YOUR OBJECTIVE ▸
An exact copy of every line from the one holding "Trước đó, sáng" to the end of the entries below is required; leave the pictures out.

Records contained in a dataset ▸

■ ■ ■ ■ ■

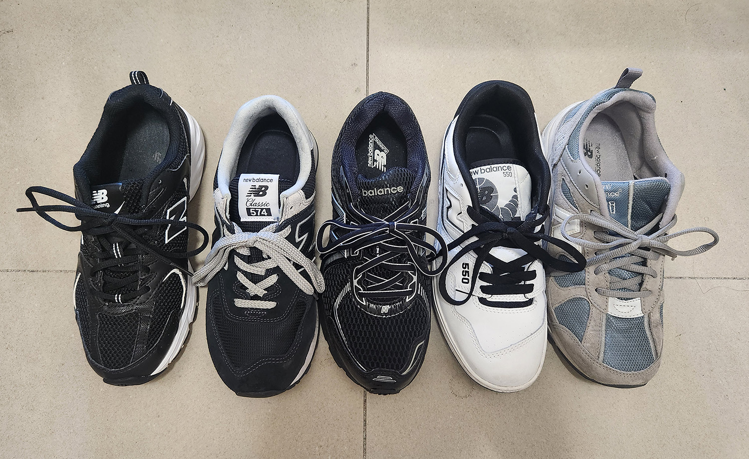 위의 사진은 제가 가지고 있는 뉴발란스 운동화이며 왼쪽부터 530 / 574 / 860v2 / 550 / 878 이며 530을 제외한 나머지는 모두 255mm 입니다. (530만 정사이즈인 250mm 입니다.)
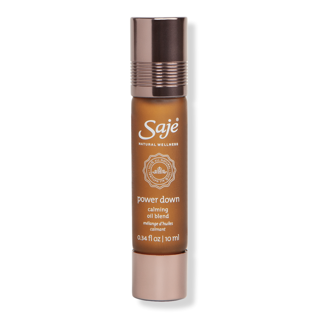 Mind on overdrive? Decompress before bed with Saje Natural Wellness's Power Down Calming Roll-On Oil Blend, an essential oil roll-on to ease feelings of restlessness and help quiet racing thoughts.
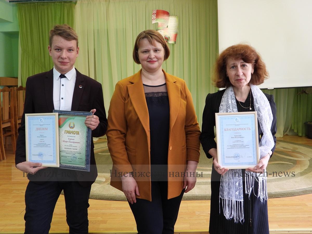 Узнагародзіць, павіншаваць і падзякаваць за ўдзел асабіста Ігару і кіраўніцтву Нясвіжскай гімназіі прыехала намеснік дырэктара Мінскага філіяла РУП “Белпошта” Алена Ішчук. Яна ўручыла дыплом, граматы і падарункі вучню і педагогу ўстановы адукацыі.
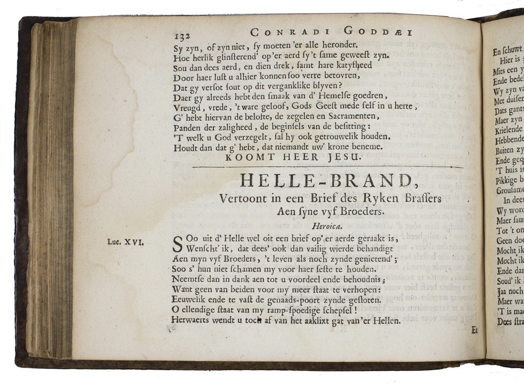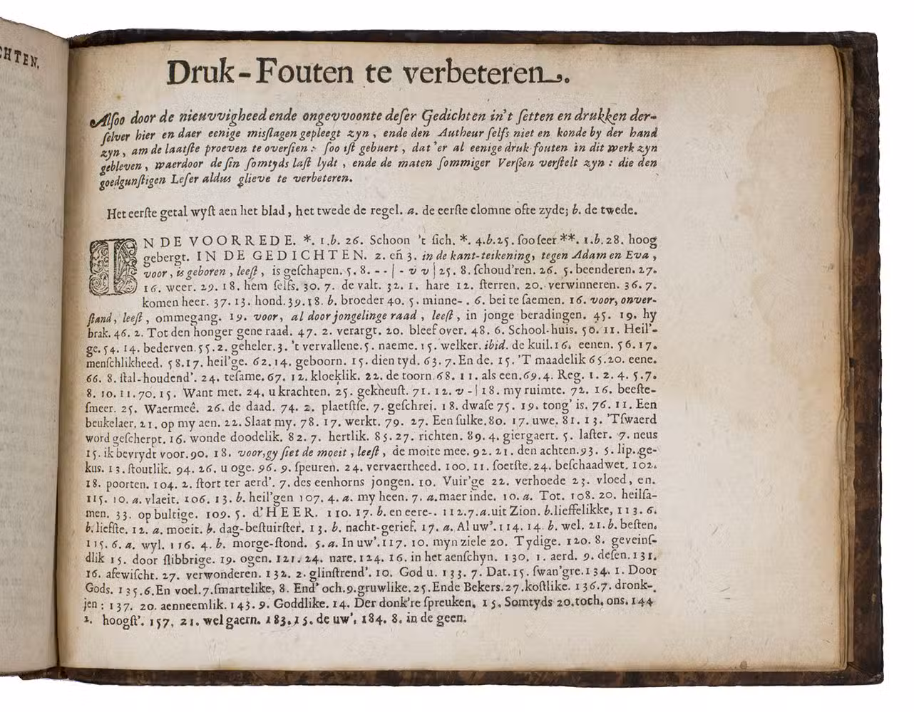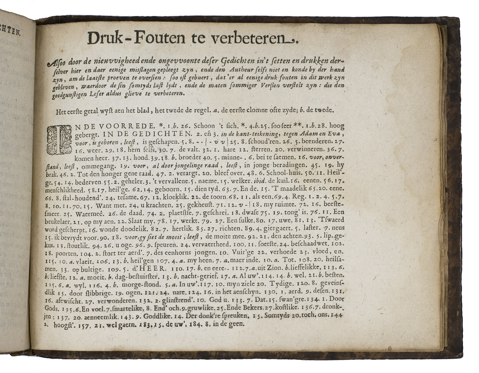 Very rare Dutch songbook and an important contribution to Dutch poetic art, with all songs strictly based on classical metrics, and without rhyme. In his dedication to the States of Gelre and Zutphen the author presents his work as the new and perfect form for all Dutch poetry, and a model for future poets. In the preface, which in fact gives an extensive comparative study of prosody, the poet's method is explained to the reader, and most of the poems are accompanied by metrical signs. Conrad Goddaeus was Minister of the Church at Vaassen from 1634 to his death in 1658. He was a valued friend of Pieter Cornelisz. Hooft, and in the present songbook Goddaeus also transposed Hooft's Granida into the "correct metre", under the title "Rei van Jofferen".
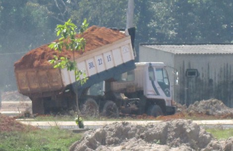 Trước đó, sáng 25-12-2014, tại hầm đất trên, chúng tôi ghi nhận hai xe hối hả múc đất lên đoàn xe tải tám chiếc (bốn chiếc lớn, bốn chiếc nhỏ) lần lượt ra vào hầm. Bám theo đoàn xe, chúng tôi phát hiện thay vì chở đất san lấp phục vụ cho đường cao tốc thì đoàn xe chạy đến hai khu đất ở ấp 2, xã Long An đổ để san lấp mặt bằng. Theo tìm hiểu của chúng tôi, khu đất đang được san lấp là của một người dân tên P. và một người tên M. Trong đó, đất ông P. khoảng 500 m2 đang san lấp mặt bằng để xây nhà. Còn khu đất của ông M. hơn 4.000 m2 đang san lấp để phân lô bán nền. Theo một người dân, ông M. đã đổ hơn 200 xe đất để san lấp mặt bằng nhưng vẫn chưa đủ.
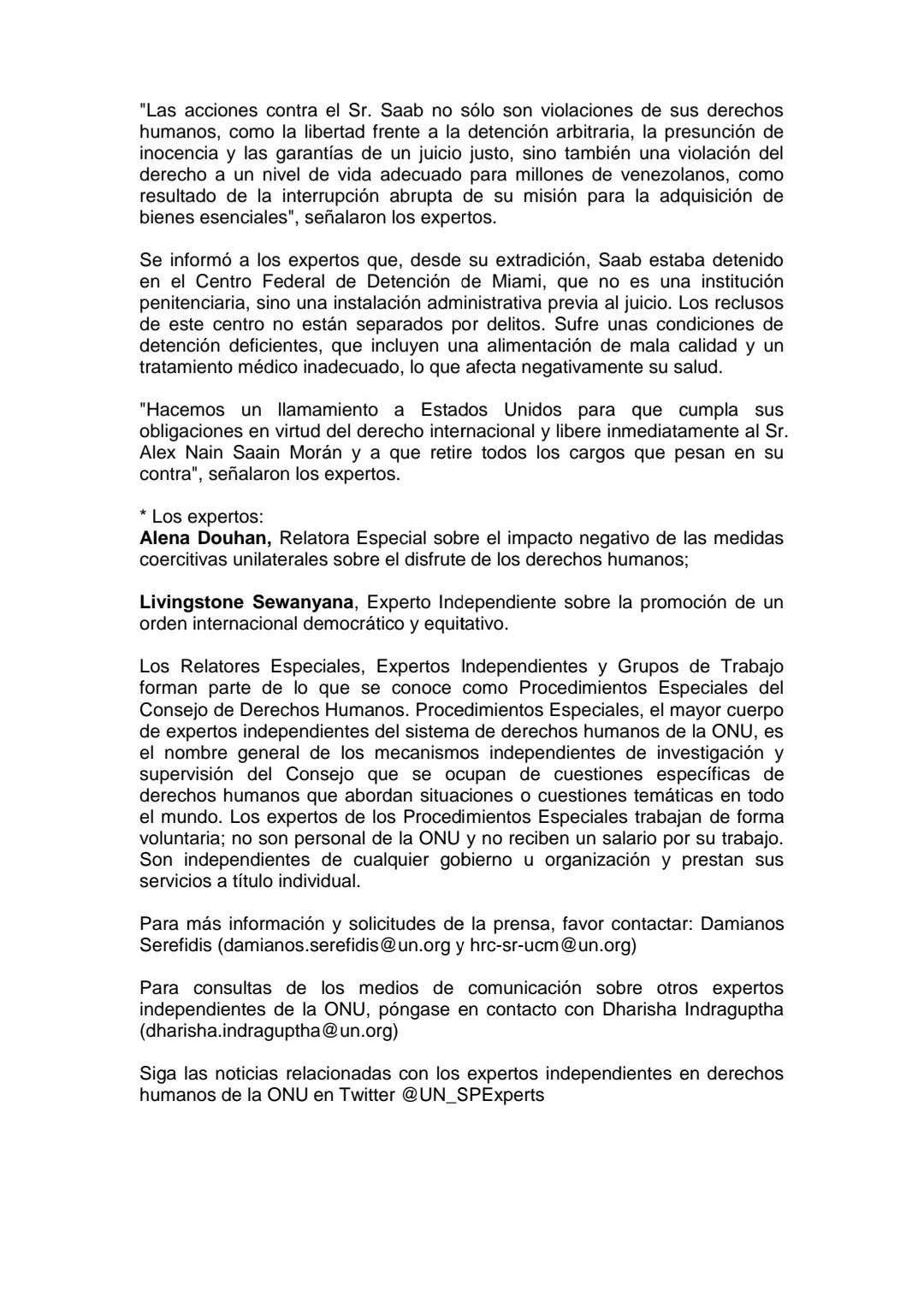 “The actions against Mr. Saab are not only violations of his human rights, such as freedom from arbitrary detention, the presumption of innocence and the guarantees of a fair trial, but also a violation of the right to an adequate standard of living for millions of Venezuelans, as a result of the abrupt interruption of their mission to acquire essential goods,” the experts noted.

■ ■ ■ ■ ■

TASK OUTPUT ▸
 Trước đó, sáng 25-12-2014, tại hầm đất trên, chúng tôi ghi nhận hai xe hối hả múc đất lên đoàn xe tải tám chiếc (bốn chiếc lớn, bốn chiếc nhỏ) lần lượt ra vào hầm. Bám theo đoàn xe, chúng tôi phát hiện thay vì chở đất san lấp phục vụ cho đường cao tốc thì đoàn xe chạy đến hai khu đất ở ấp 2, xã Long An đổ để san lấp mặt bằng. Theo tìm hiểu của chúng tôi, khu đất đang được san lấp là của một người dân tên P. và một người tên M. Trong đó, đất ông P. khoảng 500 m2 đang san lấp mặt bằng để xây nhà. Còn khu đất của ông M. hơn 4.000 m2 đang san lấp để phân lô bán nền. Theo một người dân, ông M. đã đổ hơn 200 xe đất để san lấp mặt bằng nhưng vẫn chưa đủ.
 “The actions against Mr. Saab are not only violations of his human rights, such as freedom from arbitrary detention, the presumption of innocence and the guarantees of a fair trial, but also a violation of the right to an adequate standard of living for millions of Venezuelans, as a result of the abrupt interruption of their mission to acquire essential goods,” the experts noted.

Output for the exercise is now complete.